**INFORMATION GIVEN**
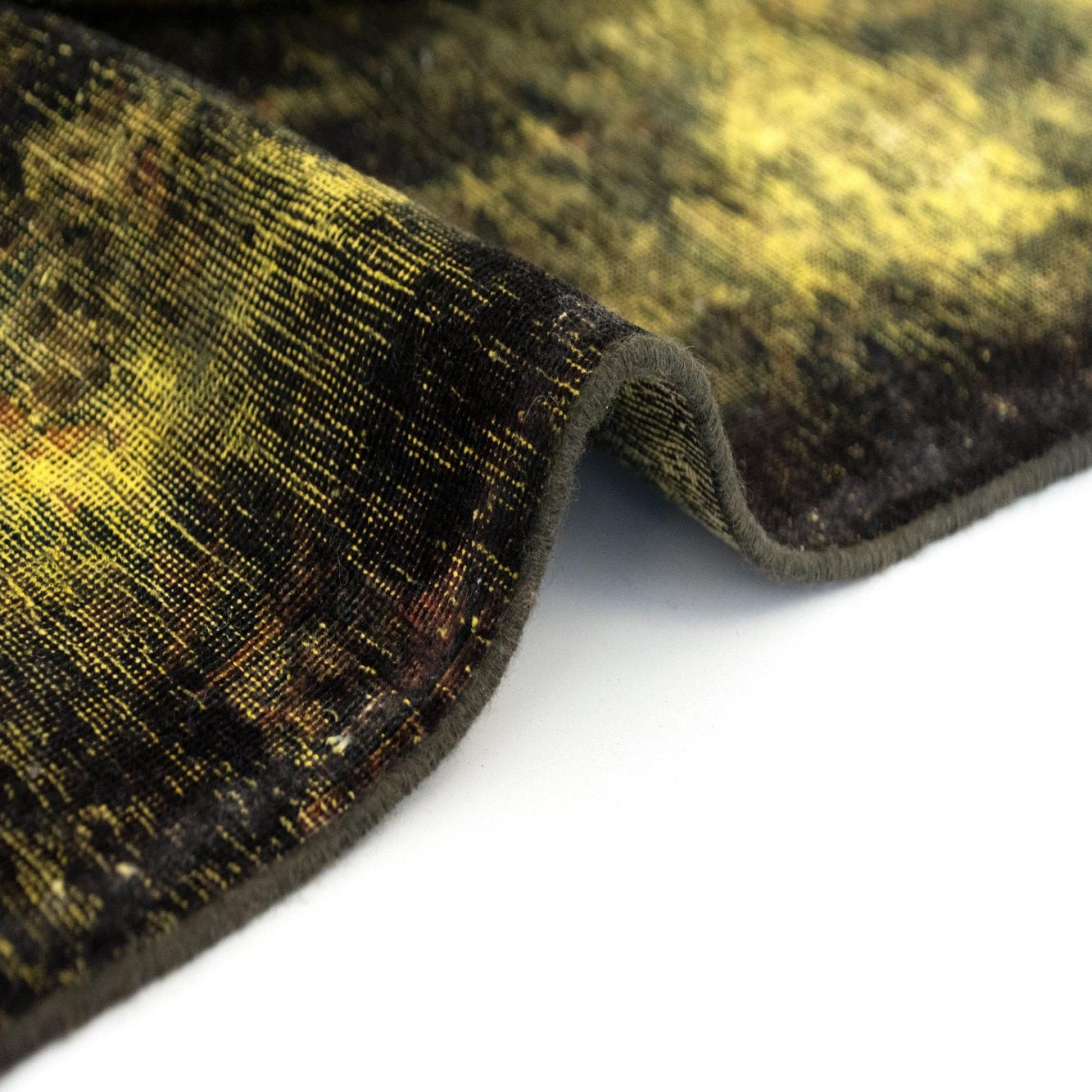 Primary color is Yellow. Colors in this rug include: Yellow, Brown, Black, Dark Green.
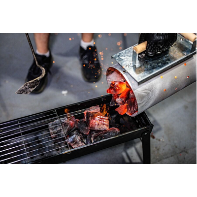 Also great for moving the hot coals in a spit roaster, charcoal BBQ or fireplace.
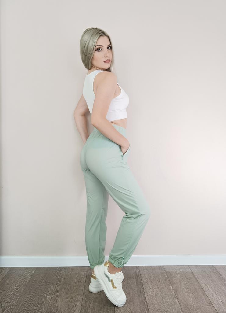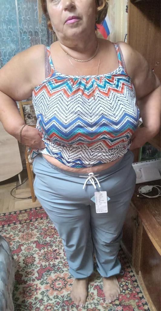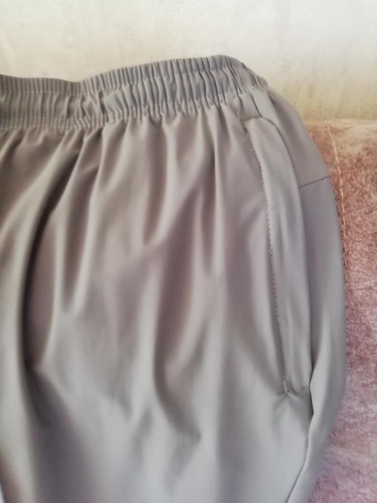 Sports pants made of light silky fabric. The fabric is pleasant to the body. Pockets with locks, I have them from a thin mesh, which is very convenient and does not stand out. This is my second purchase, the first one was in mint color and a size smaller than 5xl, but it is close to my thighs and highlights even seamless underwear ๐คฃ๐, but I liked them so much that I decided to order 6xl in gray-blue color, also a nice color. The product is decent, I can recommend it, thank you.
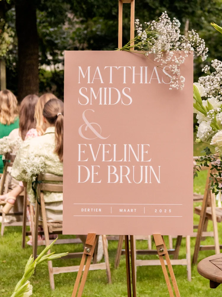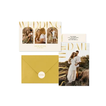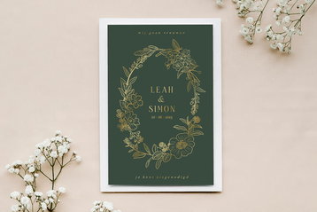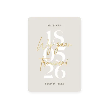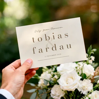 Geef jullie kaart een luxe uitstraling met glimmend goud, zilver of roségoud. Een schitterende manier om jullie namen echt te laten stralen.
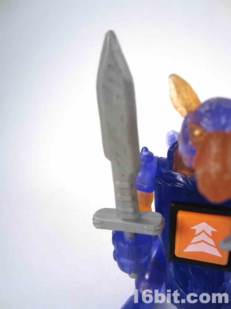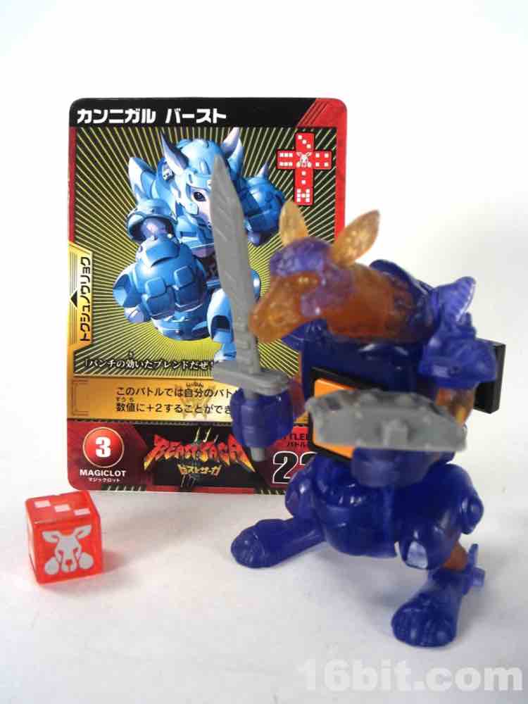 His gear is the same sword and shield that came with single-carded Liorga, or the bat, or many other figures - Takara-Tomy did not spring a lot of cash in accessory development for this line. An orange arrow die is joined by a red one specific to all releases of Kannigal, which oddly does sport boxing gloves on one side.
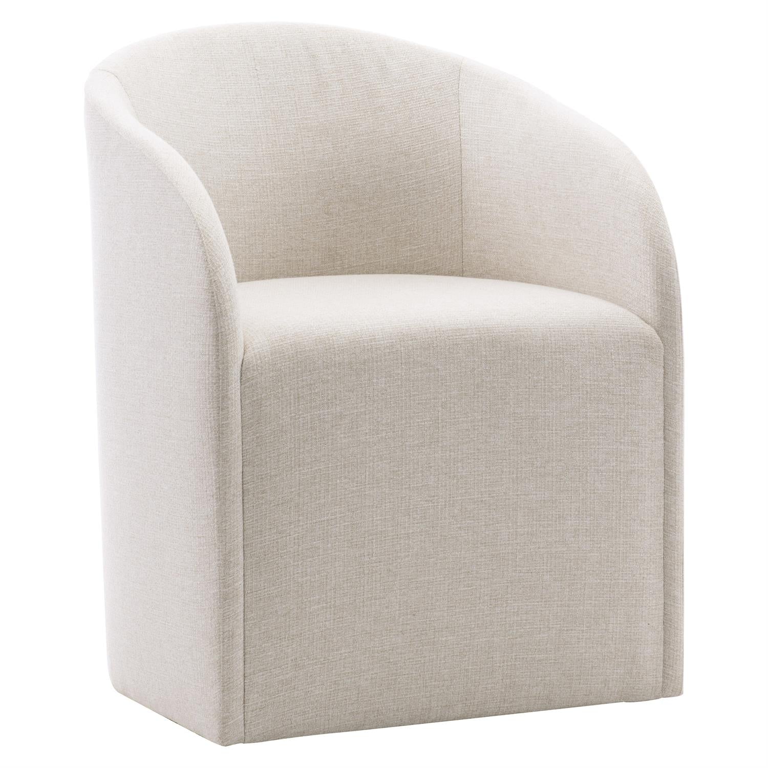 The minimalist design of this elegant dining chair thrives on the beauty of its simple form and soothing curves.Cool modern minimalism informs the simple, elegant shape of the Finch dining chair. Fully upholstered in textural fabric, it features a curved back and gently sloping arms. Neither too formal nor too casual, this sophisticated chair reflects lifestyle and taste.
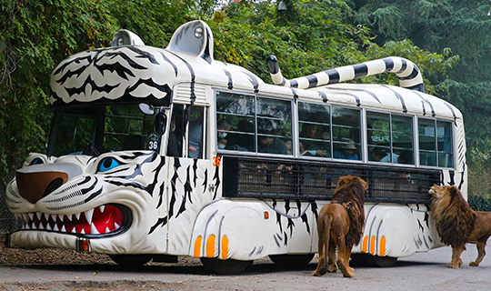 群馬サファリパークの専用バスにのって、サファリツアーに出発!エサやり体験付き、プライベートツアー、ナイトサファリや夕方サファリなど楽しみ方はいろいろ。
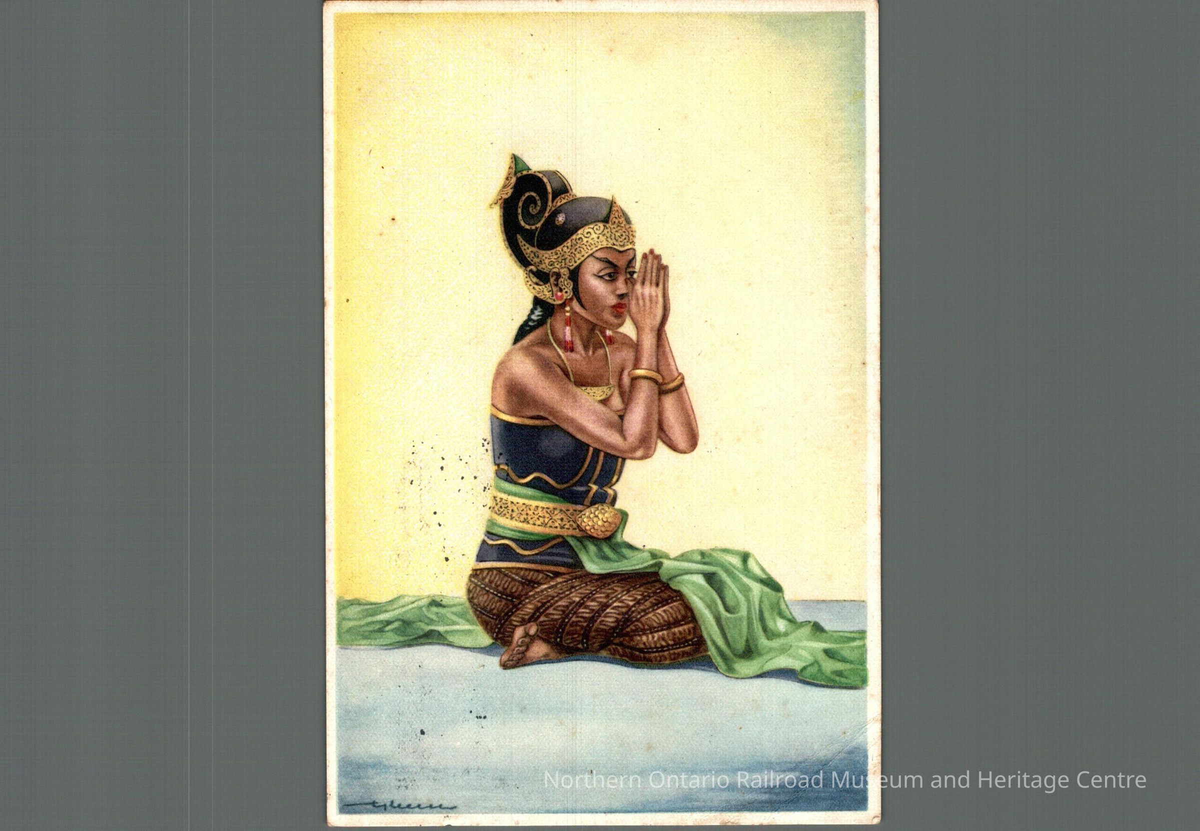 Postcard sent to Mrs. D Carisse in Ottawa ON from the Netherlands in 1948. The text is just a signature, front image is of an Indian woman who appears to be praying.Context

**YOUR GOAL**
In the records above, find the line that contains "The minimalist design", then write it out along with every line after it, exactly, through the last one. Leave the pictures out.

**PROBLEM SOLUTION**
 The minimalist design of this elegant dining chair thrives on the beauty of its simple form and soothing curves.Cool modern minimalism informs the simple, elegant shape of the Finch dining chair. Fully upholstered in textural fabric, it features a curved back and gently sloping arms. Neither too formal nor too casual, this sophisticated chair reflects lifestyle and taste.
 群馬サファリパークの専用バスにのって、サファリツアーに出発!エサやり体験付き、プライベートツアー、ナイトサファリや夕方サファリなど楽しみ方はいろいろ。
 Postcard sent to Mrs. D Carisse in Ottawa ON from the Netherlands in 1948. The text is just a signature, front image is of an Indian woman who appears to be praying.Context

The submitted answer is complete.